Mexican flutist, composer, improviser, and educator

Wilfrido Damián Terrazas Pérez (born 1974) is a Mexican flutist, composer, improviser, and educator. He is connected to the music scene of the Mexico–United States border and has been a professor at the University of California, San Diego (UC San Diego) since 2017.

== Early life and education ==
Wilfrido Damián Terrazas Pérez was born in Camargo, Chihuahua, Mexico, in 1974. He first came into contact with musical instruments during his teenage years; he began playing the flute in 1990, at age 15. He studied at the Center for Musical Studies of the Autonomous University of Baja California (UABC) and later at the Conservatorio de las Rosas from 1996 to 2000, in addition to pursuing further studies in San Diego, California.
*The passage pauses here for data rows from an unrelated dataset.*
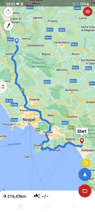 Nach etwa 50 Kilometern auf der Amalfitana verlassen wir diese gen Norden und fahren weiter Richtung Pompeji und damit zu unserem nächsten Highlight, dem Vesuv.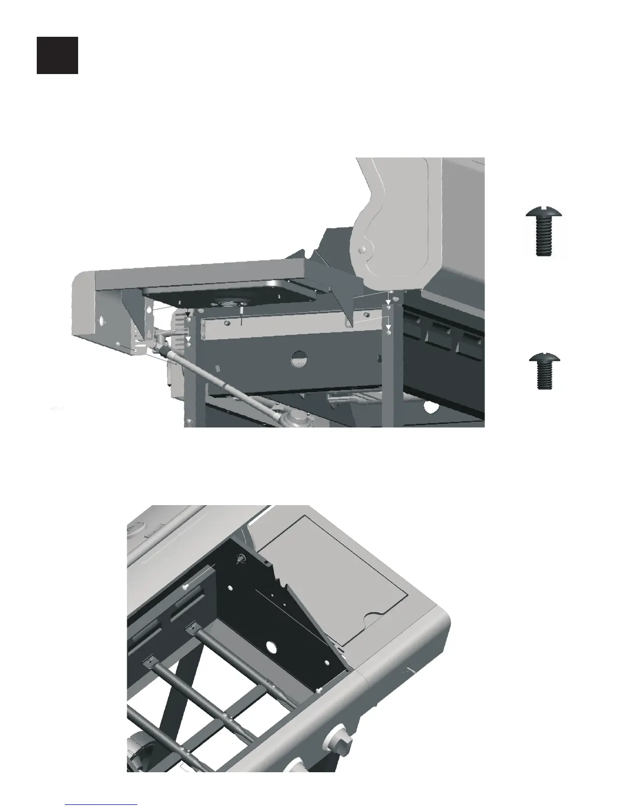 □ Use two 1/4-20x1/2" machine screws to attach side burner shelf to firebox as shown (B).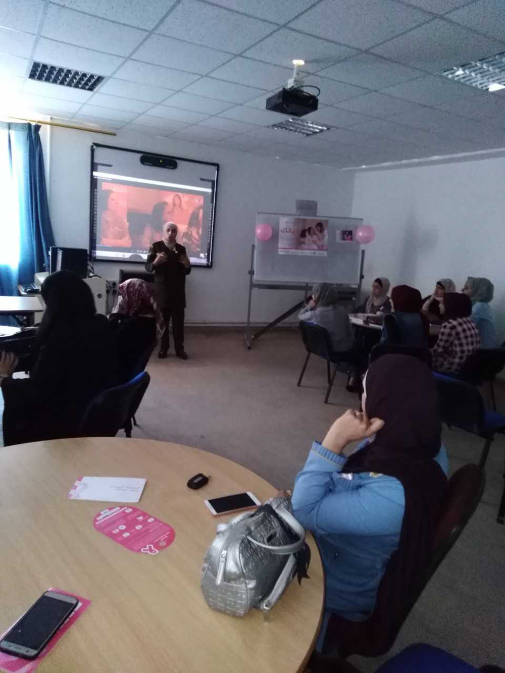 عقدت كلية الشوبك الجامعية محاضرة تثقيفية حول سرطان الثدي، بتنظيم من المركز العسكري في لواء الشوبك، وجاءت هذة المحاضرة ضمن حملة اكتوبر الذي اطلقها مركز الثدي للسرطان بمساعدة مركز الحسين للسرطان ووزارة الصحة بهدف السعي الحثيث والمستمر للتوعية من سرطان الثدي ، الفريق المشارك في المحاضرة قدم شرحا عن سرطان الثدي وأسبابه وأعراضه وطرق العلاج واهمية المراجعة المبكرة لعمل الفحص، وكان الدكتور عمر محاسنه عميد الكلية قد رحب بالمحاضرين باسم إدارة جامعة البلقاء التطبيقية وأسرة كلية الشوبك الجامعية وهم: الدكتور هيثم حسن والممرضات ريم الملاحيم ونسرين العمارات، شاكرا لهم ومقدرا لهم جهودهم المبذولة في نشر الوعي بين السيدات حول سرطان الثدي .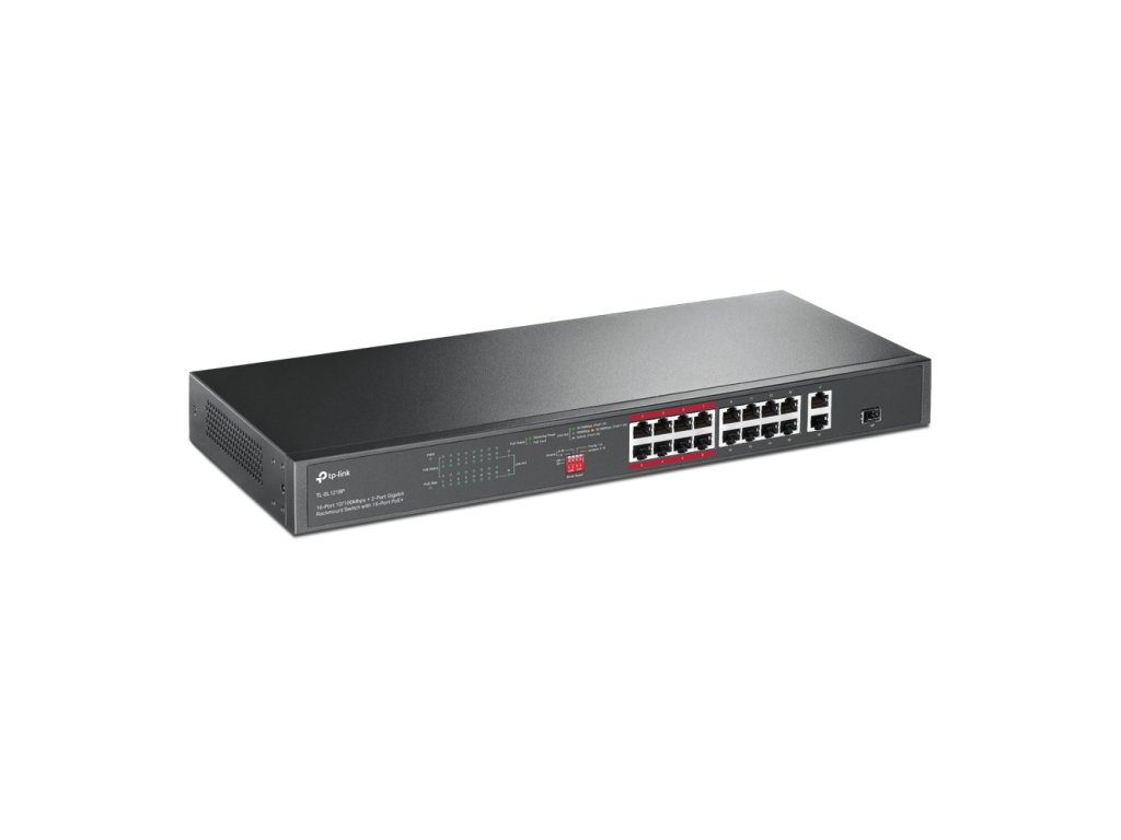 TP-Link TL-SL1218P 16-Port 10/100Mbps + 2-Port Gigabit Rackmount Switch s 16-Port PoE+.Klíčové vlastnosti

He later pursued graduate studies at National Autonomous University of Mexico (UNAM) from 2004 to 2006. He graduated with a thesis on Mexican works featuring improvisation in 2021.

== Career ==
Ítaca

The album Ítaca was released by Cero Records, with an official release date of 1 December 2020. In 2021, San Diego Reader reported that the album was recorded at UC San Diego in January 2019 and later mixed and mastered in Mexico City by Ramón del Buey before being published by Cero Records in December 2020.
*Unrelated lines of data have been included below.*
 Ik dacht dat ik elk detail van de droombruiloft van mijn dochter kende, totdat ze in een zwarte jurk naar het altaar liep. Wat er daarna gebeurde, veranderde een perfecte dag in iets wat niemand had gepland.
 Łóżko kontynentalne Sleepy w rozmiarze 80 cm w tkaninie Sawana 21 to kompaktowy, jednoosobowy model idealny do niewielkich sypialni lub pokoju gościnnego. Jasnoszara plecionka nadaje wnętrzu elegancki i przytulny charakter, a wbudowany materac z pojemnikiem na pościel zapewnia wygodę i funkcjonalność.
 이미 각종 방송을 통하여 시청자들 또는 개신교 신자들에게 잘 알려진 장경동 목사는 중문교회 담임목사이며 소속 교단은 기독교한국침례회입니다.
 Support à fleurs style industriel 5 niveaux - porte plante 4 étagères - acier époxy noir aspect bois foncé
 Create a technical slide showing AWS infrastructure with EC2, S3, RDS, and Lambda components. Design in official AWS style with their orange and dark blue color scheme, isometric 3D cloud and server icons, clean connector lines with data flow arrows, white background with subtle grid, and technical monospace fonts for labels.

Sequenza21 described Ítaca as a ten-track album for solo flute, exploring a variety of sonorities and extended techniques, with references to Greek epic.

The Torres Cycle

In 2022, The Torres Cycle was released on New Focus Recordings, described by the label as a seven-part work.

My Shadow Leads the Way

In 2022, My Shadow Leads the Way was released by Transvection Ltd. In a review, Foxy Digitalis noted that the album uses texts by poet Ricardo Cázares and that Terrazas alternates between Spanish and English in the vocals, along with flute and percussive resources.

Wilfrido Terrazas Sea Quintet

Nexos magazine mentioned the Wilfrido Terrazas Sea Quintet and recorded its lineup as Iván Trujillo (trumpet), Edwin Montes (guitar), José Solares (saxophone), and Abraham Lizardo (drums). In 2018, the ensemble released the album Pirate Songs (Ápice, 2018).

== Selected Discography ==

- Pirate Songs — Wilfrido Terrazas Sea Quintet (Ápice, 2018).
- Ítaca (Cero Records, 2020).
- The Torres Cycle (New Focus Recordings, 2022).
- My Shadow Leads the Way (Transvection Ltd., 2022).
- Seven Gifts — with Kyle Motl (2024)
- Trilogía del Dolor (Trilogy of Pain) (2026)

== Reception ==
Sequenza21 reviewed Ítaca, highlighting its exploration of extended techniques and its reference framework in Greek epic. Foxy Digitalis reviewed My Shadow Leads the Way, describing its integration of poetry (Ricardo Cázares), voice, and instrumental elements. KPBS featured one of the pieces from The Torres Cycle and described its overall structure (the “tower” and “totem” works), as well as its production between UC San Diego and Mexico City.